A few months ago I started reading a book called “E-Squared” by Pam Grout. The premise of the book is that she gives you nine experiments that you conduct one day at a time. Experiments like telling yourself you’re going to see a certain odd colored car or how many butterflies you’ll see that day. The point it to prove to yourself That you create your own reality. I did four or five of them and then, for some reason, stopped reading the book. I was blown away by what I discovered.
This got me thinking today, what if I’m not a negative person. What if I’ve let my anxiety create a negative perspective on life. What if I’ve become so focused on the bad things that I think are happening that I’m missing out on the good things. What if I replay certain events after they happen and see what happened that was good?

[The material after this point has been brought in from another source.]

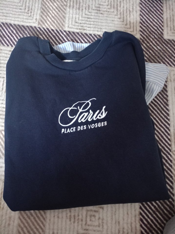 Lacivert renkli, yuvarlak yakalı ve uzun kollu kadın sweatshirtü. Rahat kesimi ve "Paris PLACE DES VOSGES" nakışı ile gündelik kullanıma uygundur.

So let’s make a long story short and say it was 3:30pm and I hadn’t eaten anything. I was starving. My wife had to leave for about a half hour and I had family in town and I was home. The cupboard is bare so there was nothing to eat. My first thought was to freak out and say “oh no! I’m starving!! What ever will I do?? I’m going to wither away!” I stopped myself. Life isn’t that bad. I didn’t even feel that hungry….really. So I texted my wife. I asked if she could bring me home a sandwich from the corner store. She knew I was hungry but had to run an errand and was trying to hurry. she called me and said she’d be happy to.
When my wife got home she was all smiles. I smiled with her, helped her carry some things into the house before sitting down and eating my sandwich. It really set the tone for the rest of our evening.
So I’ve proven my theory. If I’m able to stop myself before I freak out then I can find the good before I find the bad.